> **ACTIVITY**:
Leave the pictures out, and transcribe the material below exactly from the line with "This Woods Heritage" to the line with "截至目前,一致性評價中準(z", both lines included.

> **SOURCE MATERIAL**:
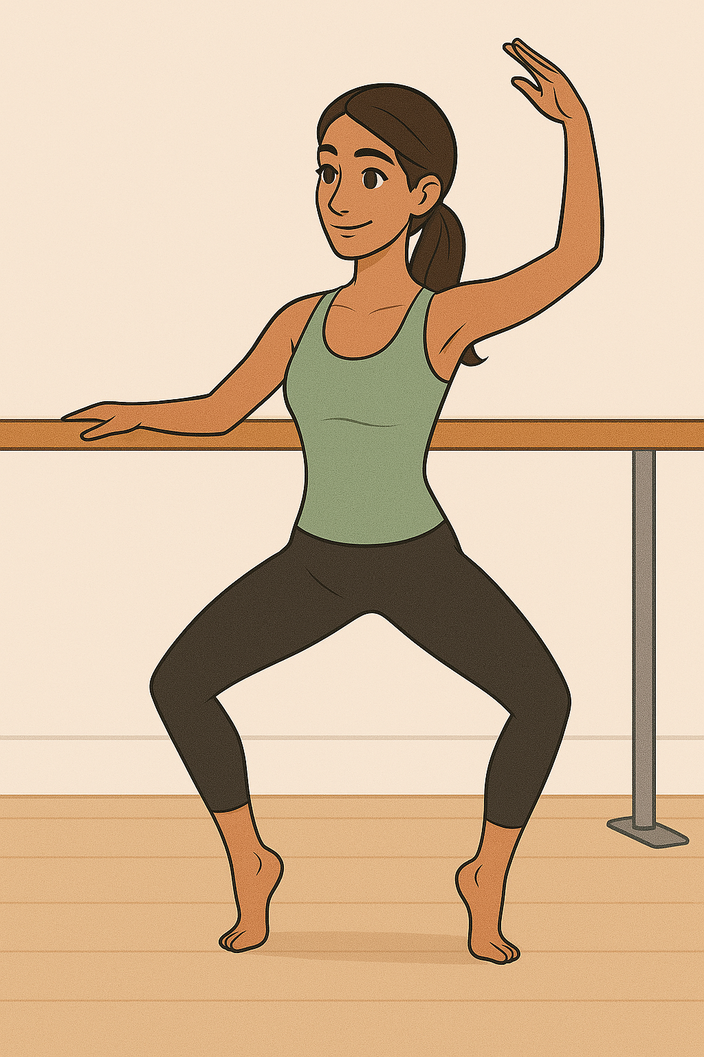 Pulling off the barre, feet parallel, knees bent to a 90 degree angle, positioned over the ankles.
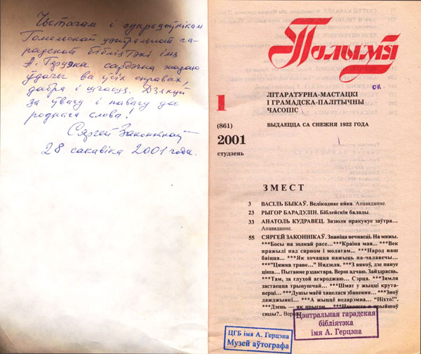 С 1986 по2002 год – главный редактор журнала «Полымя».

---

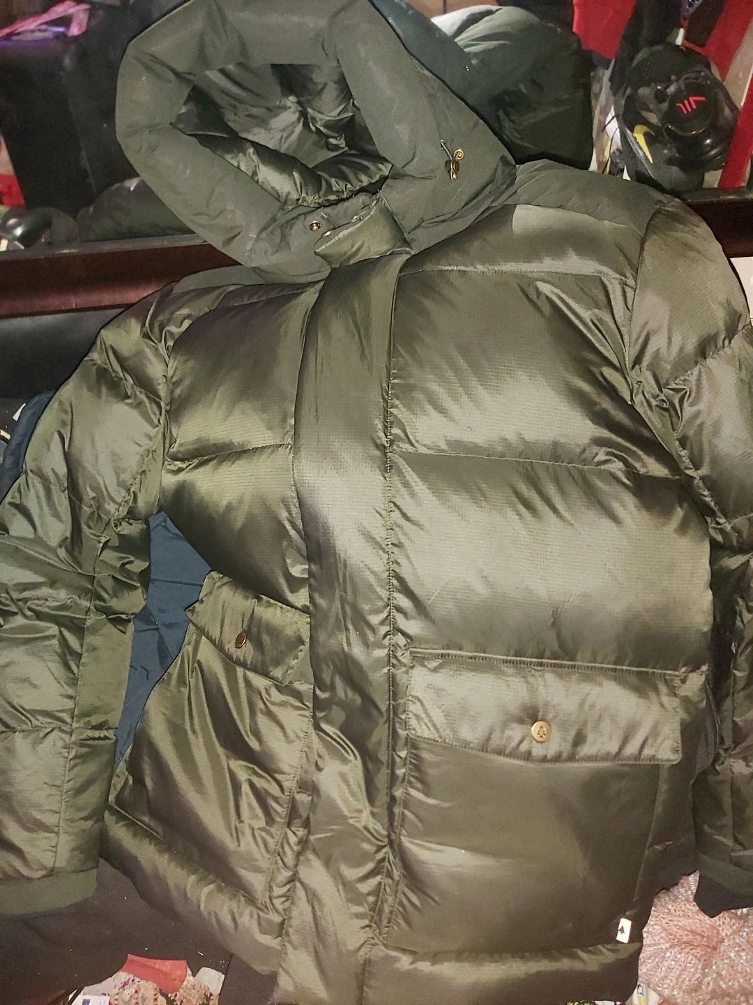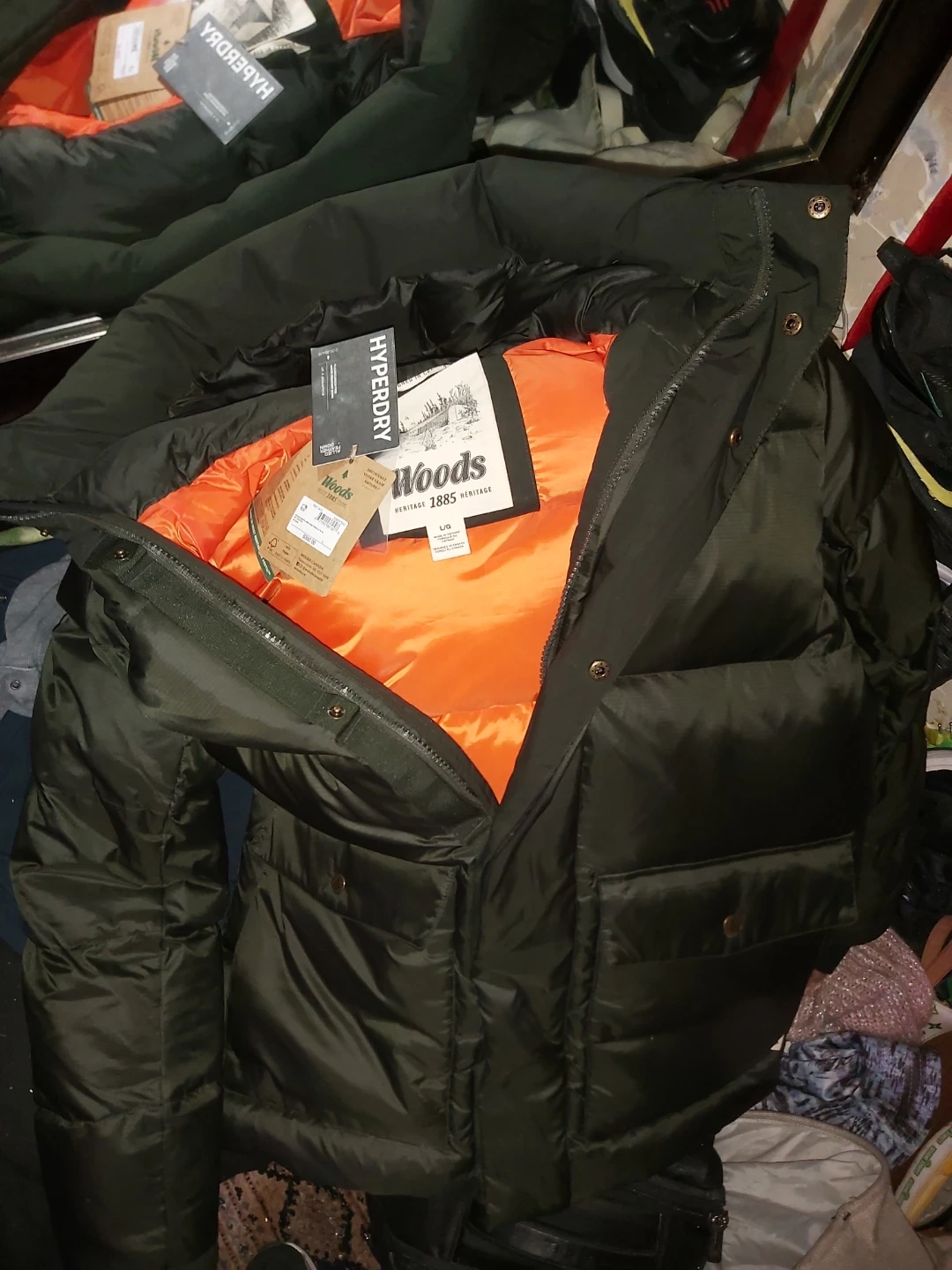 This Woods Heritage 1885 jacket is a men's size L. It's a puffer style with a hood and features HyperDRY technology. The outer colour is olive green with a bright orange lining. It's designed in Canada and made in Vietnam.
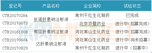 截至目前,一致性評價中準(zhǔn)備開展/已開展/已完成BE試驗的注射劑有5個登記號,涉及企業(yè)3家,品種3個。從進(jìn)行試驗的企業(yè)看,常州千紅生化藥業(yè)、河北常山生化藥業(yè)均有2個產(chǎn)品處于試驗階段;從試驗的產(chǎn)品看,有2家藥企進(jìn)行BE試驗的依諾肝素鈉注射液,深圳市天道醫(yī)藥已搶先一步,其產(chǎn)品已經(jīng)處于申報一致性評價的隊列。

> **ANSWER**:
 This Woods Heritage 1885 jacket is a men's size L. It's a puffer style with a hood and features HyperDRY technology. The outer colour is olive green with a bright orange lining. It's designed in Canada and made in Vietnam.
 截至目前,一致性評價中準(zhǔn)備開展/已開展/已完成BE試驗的注射劑有5個登記號,涉及企業(yè)3家,品種3個。從進(jìn)行試驗的企業(yè)看,常州千紅生化藥業(yè)、河北常山生化藥業(yè)均有2個產(chǎn)品處于試驗階段;從試驗的產(chǎn)品看,有2家藥企進(jìn)行BE試驗的依諾肝素鈉注射液,深圳市天道醫(yī)藥已搶先一步,其產(chǎn)品已經(jīng)處于申報一致性評價的隊列。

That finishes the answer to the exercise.